Course:MSc Cyber Security

Biography:I began my career as a Java developer and progressively advanced through roles like Software Engineer, Senior Software Engineer, and ultimately Technical Lead, accumulating over eight years of industry experience in the supply chain and e commerce domain. I have also worked in the hospitality domain during the initial days of my career. Lately before quitting my job, my work centered around microservices architecture based, Kubernetes hosted customer service applications, giving me good hands-on familiarity with the very infrastructure of the KARECTL project.

Alongside my development and issue support responsibilities, I worked closely with my organisation’s application security team, where I developed a strong interest in security and embedding it into software development.

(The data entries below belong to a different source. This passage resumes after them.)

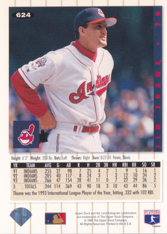 1994 Upper Deck Collectors Choice #624 Jim Thome (b) Posted on July 29, 2018 • Posted Under • No Comments
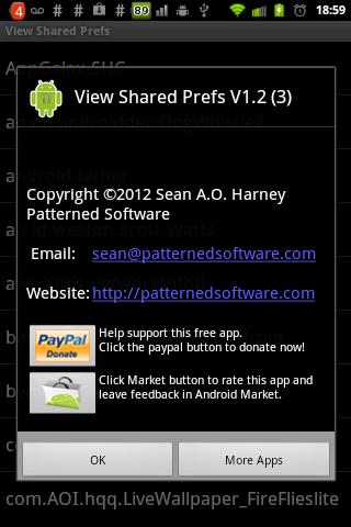 Using a rooted phone with the super user app, you only have to confirm root access a single time, then you can browse the Shared Preferences as much as you want. The main screen lists all installed packages that have a shared preferences directory. After choosing a package to view, you are presented with a list of all of that packages SharedPreferences XML files. Next you may select one of these XML files to view its contents. Hit the back button at any time to return to the previous screen.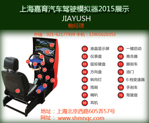 2015年最有钱途的投资项目--模拟驾驶训练机 模拟驾驶训练机的详细描述: 根据发展情况,我们公司研发一款在家里就可以轻松学车的智能学车辅助训练机,让学车的人不再为学车难而困扰。足不出户,在家轻轻松松就学会驾驶的好技术。 |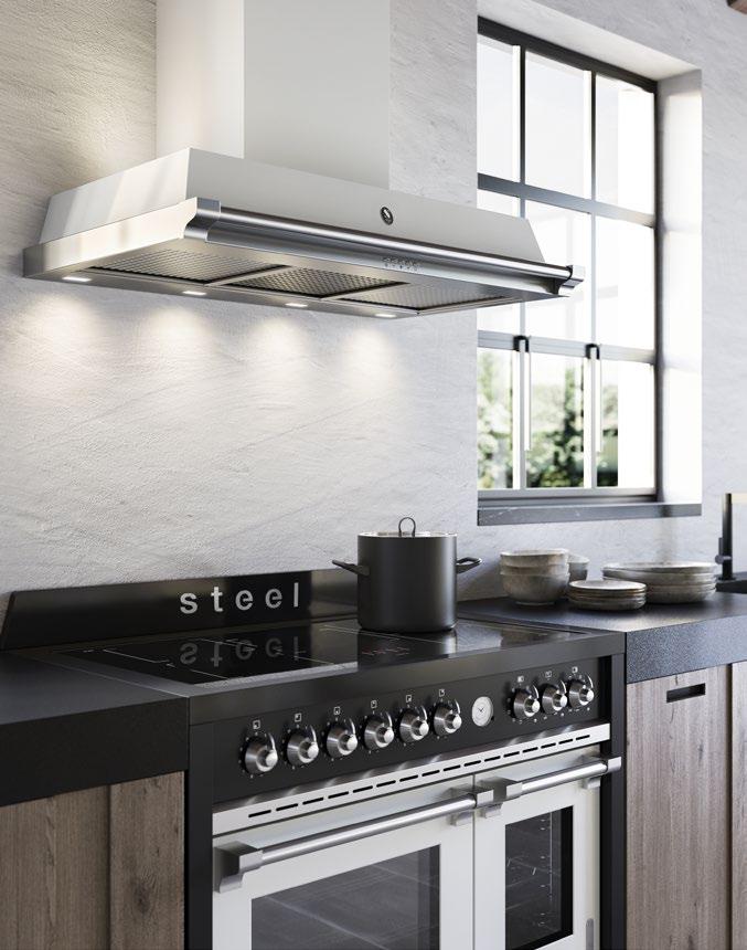 The newborn of Steel, Oxford collection is very romantic. Decoration and finishing are clearly visible, and soften the strong stainless-steel body matt black painted. An extended color range to emphasize the space, giving an ironic retro style. Oxford introduces range cookers and range hoods for every need, from recreating a country-chic space to break up a minimal interior design.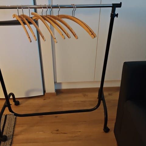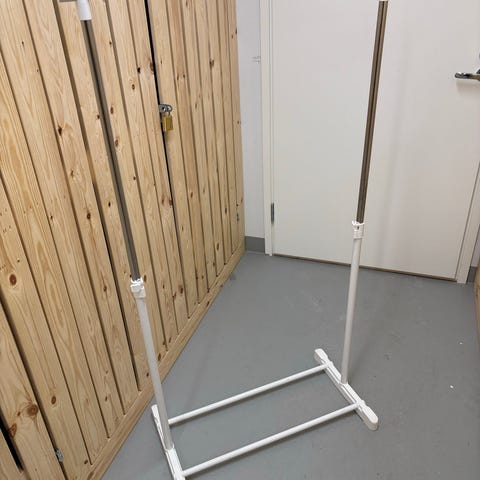 Vaateteline kahdella hyllytasolla, päädyissä naulakkonupit. Teline on aikoinaan mennyt rikki muutossa ja liimattu kasaan (katso kuvat). Tämän vuoksi telinettä ei saa täysin purettua osiin. Muutoin teline on hyvässä kunnossa.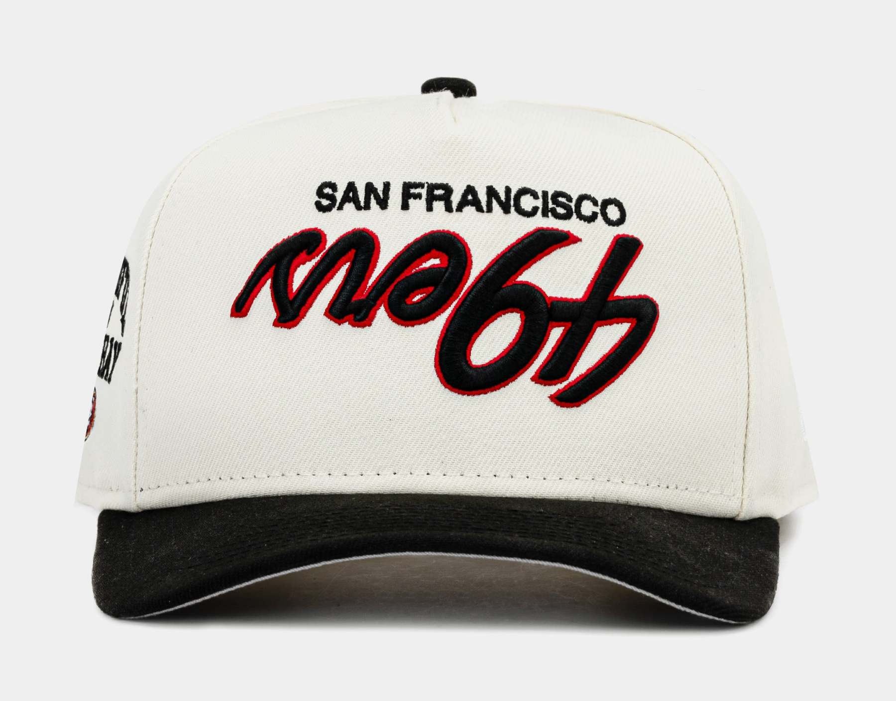 Introducing the San Francisco 49ers 950AF Snapback Men's Hat. A sleek fusion of style and fandom. Featuring the iconic 49ers logo on a beige backdrop with bold black and red accents, this snapback exudes both versatility and team pride. Crafted for comfort and durability, it's the perfect accessory to showcase your loyalty on game day or any day.

I worked in maintaining the security posture of our platform through SAST and DAST tools such as SonarQube and Burp Suite, performing security checks and ensuring OWASP Top 10 vulnerabilities were identified and mitigated across our codebase. This experience revealed that the delivery speed of software products can sometimes come at a cost to security, leaving authentication weaknesses and poor access controls to be patched after release. Thus, I became interested in bridging the gap between software development and security and building secure resilient systems from the start of the software development lifecycle itself.

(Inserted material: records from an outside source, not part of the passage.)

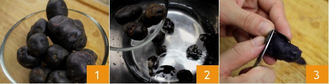 Para preparar los ñoquis de patatas moradas, toma las patatas moradas 1, lávalas cuidadosamente y hiérvelas en agua salada al gusto 2: tomará alrededor de 30-40 minutos (el tiempo se reducirá a la mitad si utilizas una olla a presión). Una vez cocidas, escúrrelas y pélalas mientras están calientes 3.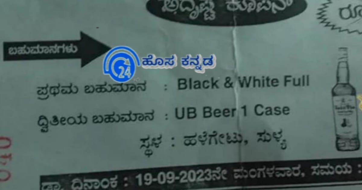 ಜಿಲ್ಲೆಯ ಗಡಿಭಾಗದ ಸುಳ್ಯದಲ್ಲಿ ಗಣೇಶೋತ್ಸವ ಪ್ರಯುಕ್ತ ಲಕ್ಕಿದೀಪ್ (ಅದೃಷ್ಟ ಚೀಟಿ) ಹಾಕಲಾಗಿದ್ದು, ಬಹುಮಾನವಾಗಿ ಮದ್ಯ (ಅಲ್ಕೋಹಾಲ್) ಇರಿಸಿರುವ ವಿಚಾರ ಚರ್ಚೆಗೆ ಕಾರಣವಾಗಿದೆ.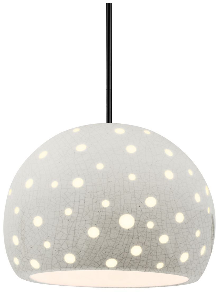 Perforated Globe 12.25"W White Crackle, Matte Black LED Pendant-White Cord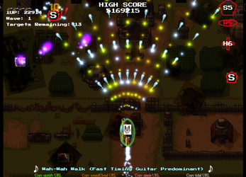 bosses as the waves increase have larger and larger concentric shield layers to shoot down before hull damage is taken.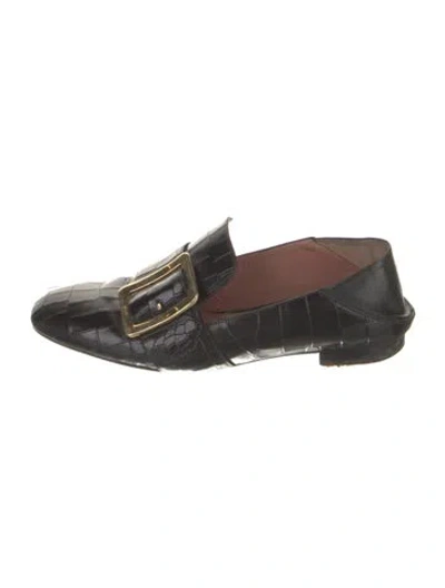 Bally Embossed Leather Mules Black Semi-Pointed Toes Designer Fit: Flats by Bally typically run a half size small. | Bally Embossed Leather Mules in Black, Women's IT 38 | 8

This led me to the decision to pursue an MSc in Cybersecurity at Lancaster University so that I can deepen my understanding of cybersecurity at an academic level. In my spare time, I enjoy exploring intentionally vulnerable demo microservices applications such as the Weaveworks Sock Shop, reverse engineering their security failures layer by layer and drafting controls to address them. The KARECTL project is a natural alignment for me

because it combines Kubernetes based microservices, healthcare research infrastructure, and practical security challenges in a meaningful real world environment.

Project Summary:This project addresses a critical network security gap in KARECTL, the Kubernetes based Trusted Research Environment developed at Lancashire Teaching Hospitals NHS Foundation Trust. By default, Kubernetes permits unrestricted pod to pod communication across the cluster, which presents a significant security risk when handling sensitive NHS patient data, where a single compromised container could enable lateral movement and potential data exposure.

The project investigates, designs, implements, and evaluates a layered Kubernetes security architecture using Cilium, an eBPF based identity driven network security platform, together with Kyverno, a Kubernetes native policy engine for workload governance and admission control. Together, these technologies aim to strengthen network isolation, workload security, and policy enforcement across the platform.

The work will be evaluated through controlled attack simulations covering lateral movement, privilege escalation, identity spoofing, and data exfiltration, alongside observability analysis, quantitative performance benchmarking, and compliance mapping against the SATRE specification for Trusted Research Environments. Expected outputs include reusable security policy catalogues and practical recommendations to help strengthen governance and security within the KARECTL platform.